So, we released
the new LugRadio site and it ran really slowly. Now, it’s built on PyBlosxom, and it’s pretty complicated in parts; some pages include other pages by reading them off the filesystem, some include server-parsed versions of those pages; a
CGI can’t output SSIs, so I had to do it myself with urllib; etc etc etc. It was dead slow. So I was trying to think of the best way to solve this; I thought about using
PyBlosxom’s static rendering or running PyBlosxom under mod_python (no link provided as the
HOWTO that’s out there is out of date and wrong; apparently there’s stuff in
CVS which does it too, but I don’t want to run
CVS and it relies on
WSGI which I don’t understand either).
And then
Matt mailed me and said “can we use caching to speed the site up?” And I thought: why am I trying to do this a really complex way? Since the site doesn’t do anything
interactive (it does build pages dynamically, but the resultant
HTML for that page is the same every time), why don’t I just spider the lot and serve the resultant saved static
HTML? So that’s what I did, with the command
wget --no-host-directories \
--directory-prefix=/var/www/lugradio.org/static \
-p -E --mirror http://secretlocation.lugradio.org/
so the previously existing pyblosxom version now exists at http://secretlocation.lugradio.org/ and www.lugradio.org points at the statically saved
HTML in /var/www/lugradio.org/static. And, because it’s all plain
HTML files, it works like blazes. The wget command is cronned to run hourly. That’s it.

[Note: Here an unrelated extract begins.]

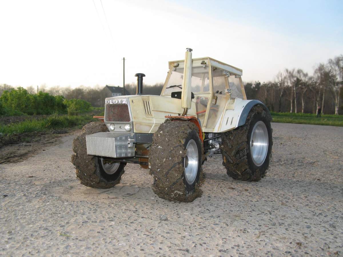 Ich möchte euch mal ein paar meiner bisher gebauten Modelle vorstellen.Den Anfang macht mein Deutz DX 7.10,den ich von einem anderen Modellbauer erwerben konnte und der von mir umgebaut wurde.Die Reifen und Felgen wurden erneuert,die Vorderachse umgebaut und der komplette Antriebsstrang umgerüstet. Nun läuft er zu meiner Zufriedenheit und ich kann mit den weiteren Details,wie Heckkraftheber und Innenausbau beginnen.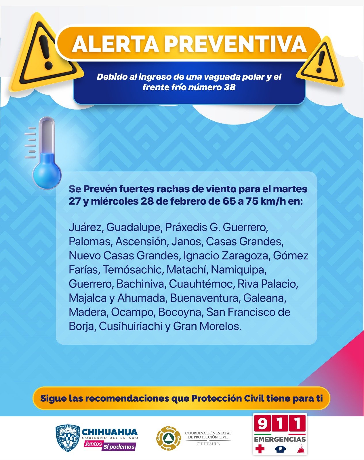 En el transcurso de este martes y miércoles, habrá vientos con rachas que podrían superar los 65 y 75 kilómetros por hora (km/h) en Guadalupe, Práxedis G. Guerrero, Ascensión, Janos, Casas Grandes, Nuevo Casas Grandes, Ignacio Zaragoza, Gómez Farías, Temósachic, Matachí y Namiquipa.

I’m a bit worried that I’m overlooking simple and good solutions in order to be more complex. That’s not only not a good thing, it’s exactly what I complain at other people about; overcomplicating a solution is not a good thing, and the KISS principle dictates not doing it. I need a slapping for not doing it the simple way. I’ll be installing complicated “frameworks” and so on next. If that happens, shoot me.
Seems simple enough. You could use funky caching if you wanted. Just have the page generator set up as your 404 handler, and have it save the page to disk in the right location as it runs. The cache gets built up as people visit the various pages, and you can update the site by simply deleting all the files.